NEW! Cadbury Caramel Choc Tarts (ASDA)

New Cadbury products are popping up all over the place at the moment. Of course there's the new Oreo bars, as well as a new giant Peanut Caramel Crisp bar, but there's also a number of Cadbury licensed products too. Only yesterday I spotted the new Cadbury muffins in ASDA (I appreciate that the Co-Op have been selling them for a few months now) as well as the new Choc Tart range at £1.50 per four pack (50p cheaper than Tesco). 

The new pastry based treats are available in Crunchie, Flake, Mini Eggs and Caramel, which all vary slightly in terms of their fillings. Whilst I realise that it would have been more seasonal to opt for the Mini Egg tarts, it was the combination of layers in the Caramel version that appealed most to me. 

"Delicious chocolate flavoured brownie topped with a caramel flavour fondant, baked in a delicate chocolate pasty case with a caramel layer & topped with a milk chocolate with a soft caramel centre.

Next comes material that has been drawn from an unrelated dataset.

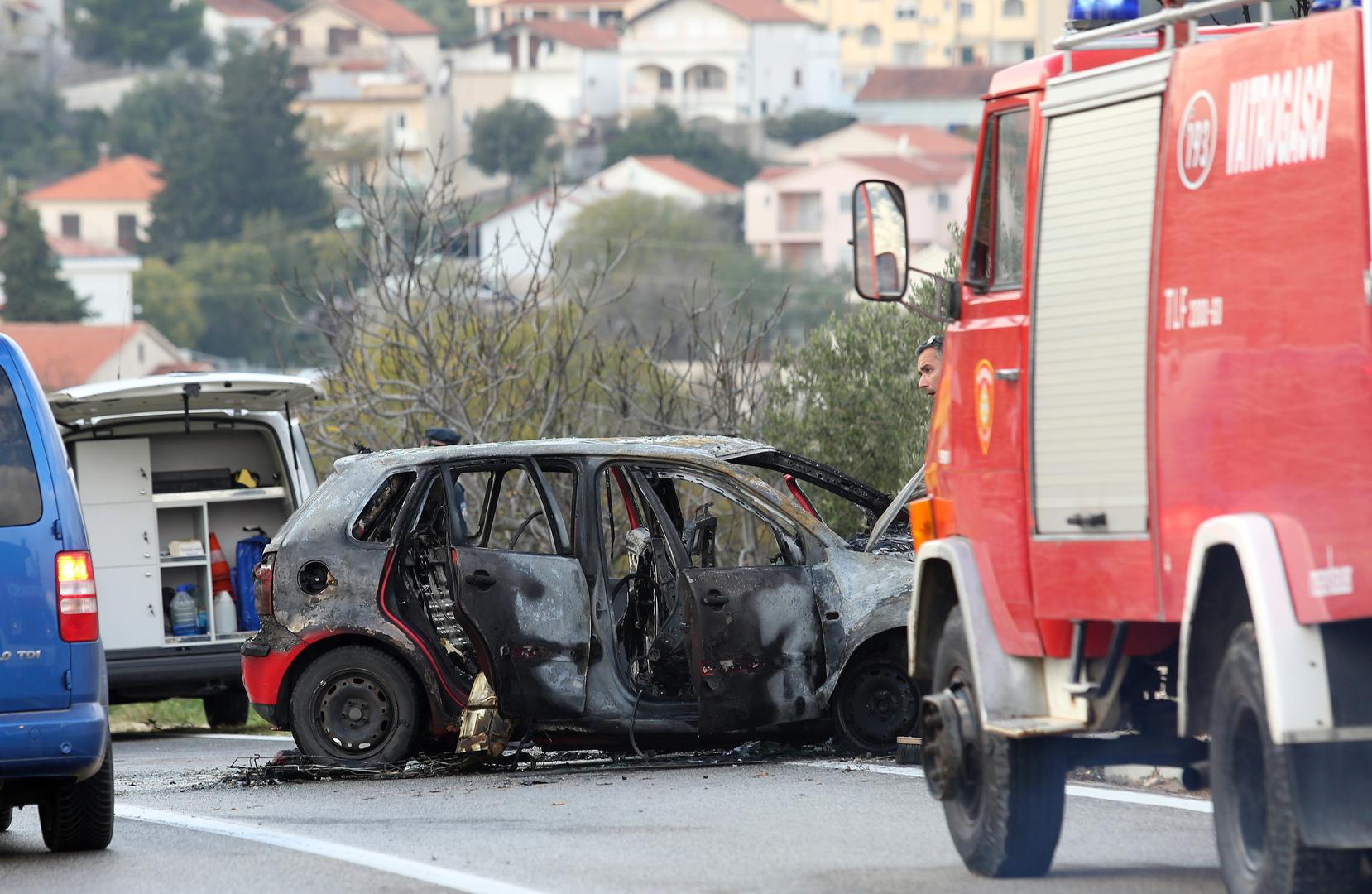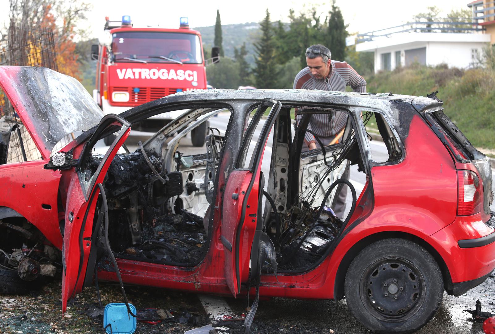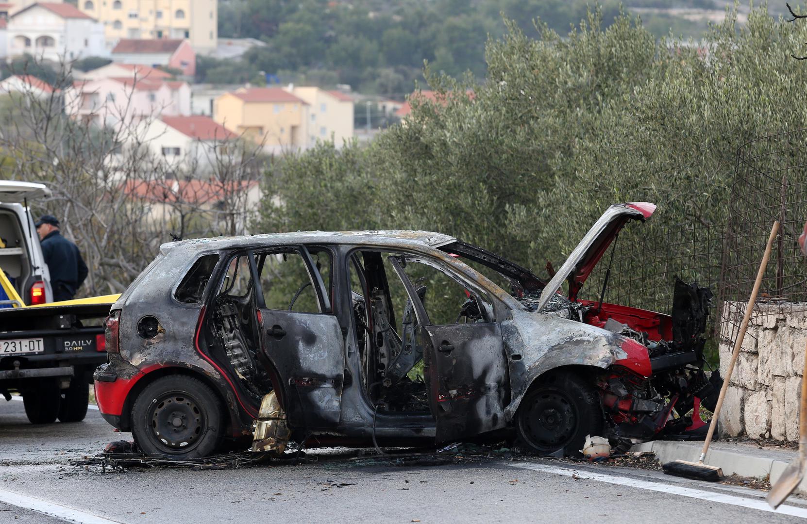 Stravična nesreća u Tisnom: Automobil izgorio nakon udarca u zid

It's like a chocoholic was asked to reinvent Mr Kipling's Cherry Bakewell tarts. The components are all there, they've just been naughtified*. It's not just the flavours that are naughty either; remember the boobie buns? Surely these have got to be the tittie tarts?


The "delicate" pastry cases were extremely crumbly, and didn't like being sliced into. I needed to show you what the innards looked like though so I persisted in my mess making. All layers were present and complete, and in decent ratios too! 


Chocolate pastry is difficult to do well, and Premier foods (who make the tarts) haven't really pulled it off. Sure it's crumbly, but the cocoa dries the mix out which means that the butteriness is all but lost. That said, Bert really enjoyed his pastry, so maybe you will too! 

As for the chocolate brownie, it too was dry, lacking the fudginess of a fresh home baked version. Fortunately the Caramel sauce beneath and fondant atop it went somewhat to rectify the issue and prevented the brownie from sticking to the roof of my mouth. On the plus side both the caramel elements were pretty tasty! 

I then had an idea: why not heat the second half? Especially as I was eating it for dessert with ice cream** and Bakewells can be served warm. 


Genius. Pure genius. The Choc Tart transformed from something I wouldn't bother buying again to a treat I'll look forward to enjoying again! The Caramel sauce seeped into the pastry whilst the fondant melted over the brownie, resulting in a much less claggy combination of textures. The flavours also enhanced once warmed - double bonus. 

As an ambient snack these are unexciting, so I highly recommend that if you're planning on trying them that you also heat them up and serve them with a scoop or two of ice cream!

Cold: 5/10
Warm: 8/10 

*will someone please tell the Oxford English Dictionary to add that one in please? And yes, I agree, no food is naughty.

**Oppo's salted caramel was the perfect match.